Question

9 years ago you borrowed $147695 to buy a house. The interest rate quoted to you was 6.26 percent for 30 years with monthly payments. Assuming you have made regular monthly payments up to now, what is the amount (in $) you still owe on the loan today? Answer to two decimals.

Hint: The hard way to do this is to use an amortization table. There is an easier way - see if you can find it.

Can you explain how to do this on a financial calculator?

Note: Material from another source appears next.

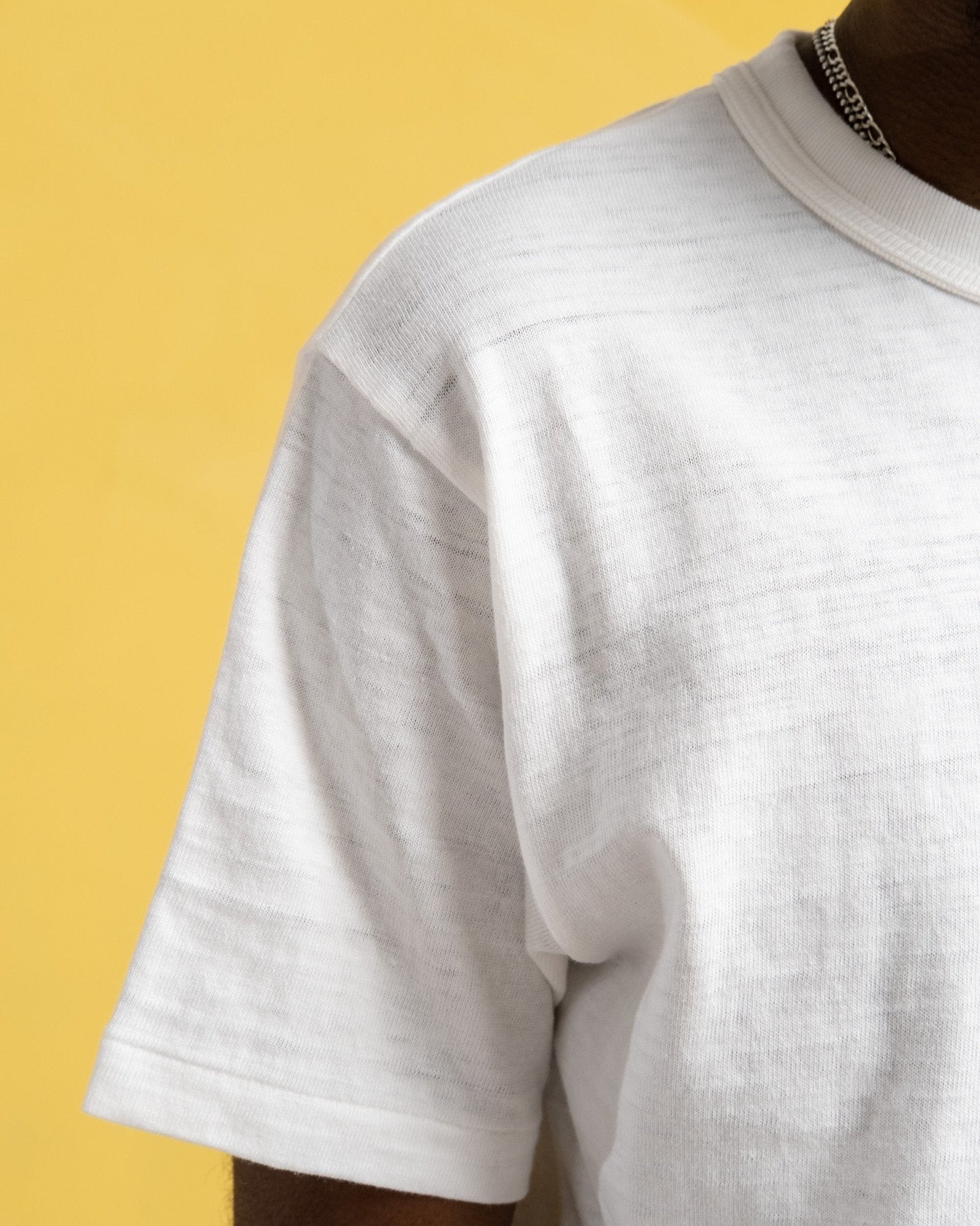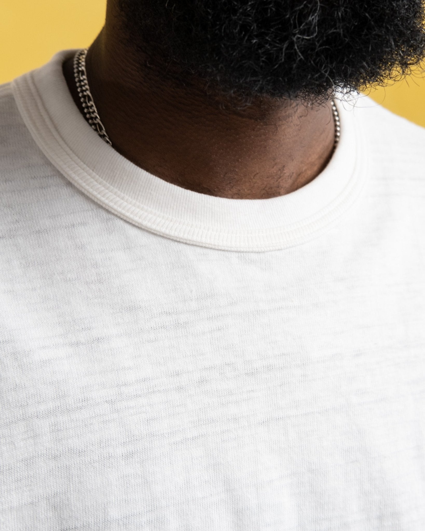4601 Camiseta Lisa Off White de Warehouse & CO. Super suave y cómoda camiseta de algodón de manga corta. Tejido tubular lo que significa que no hay costuras laterales para mayor comodidad. Fabricada en Japón.
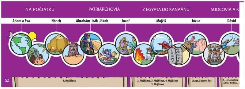 Balíček obsahuje farebnú časovú os, pexeso, osemsmerovky, plagát s knihami Starého a Nového zákona, nápady na hry a iné. Môžete ho využiť v besiedke, v klube alebo doma.

What would you type in and where.

Answer 1

Step 1 - Find out the monthly loan payment
We can use the present value of annuity formula to calculate the monthly loan payment.
Present value of annuity = P x {[1 - (1+r)^-n]/r}
Present value of annuity = loan borrowed = $147695
P = monthly loan payment = ?
r = monthy interest rate = 6.26%/12 = 0.005217
n = number of monthly loan payments = 30 years * 12 = 360
147695 = P x {[1 - (1+0.005217)^-360]/0.005217}
147695 = P x 162.2408103
P = 910.34
Monthly loan payment = $910.34
Step 2 - Find out the loan amount you still owe today.
We can use the present value of annuity formula to calculate the today's loan outstanding.
Present value of annuity = P x {[1 - (1+r)^-n]/r}
Present value of annuity = amount you still owe on the loan today = ?
P = monthly loan payment = 910.34
r = monthy interest rate = 6.26%/12 = 0.005217
n = number of monthly loan payments remaining = 21 years * 12 = 252
Present value of annuity = 910.34 x {[1 - (1+0.005217)^-252]/0.005217}
Present value of annuity = 910.34 x 140.03
Present value of annuity = 127477.10
You still owe $1,27,477.10 on the loan today.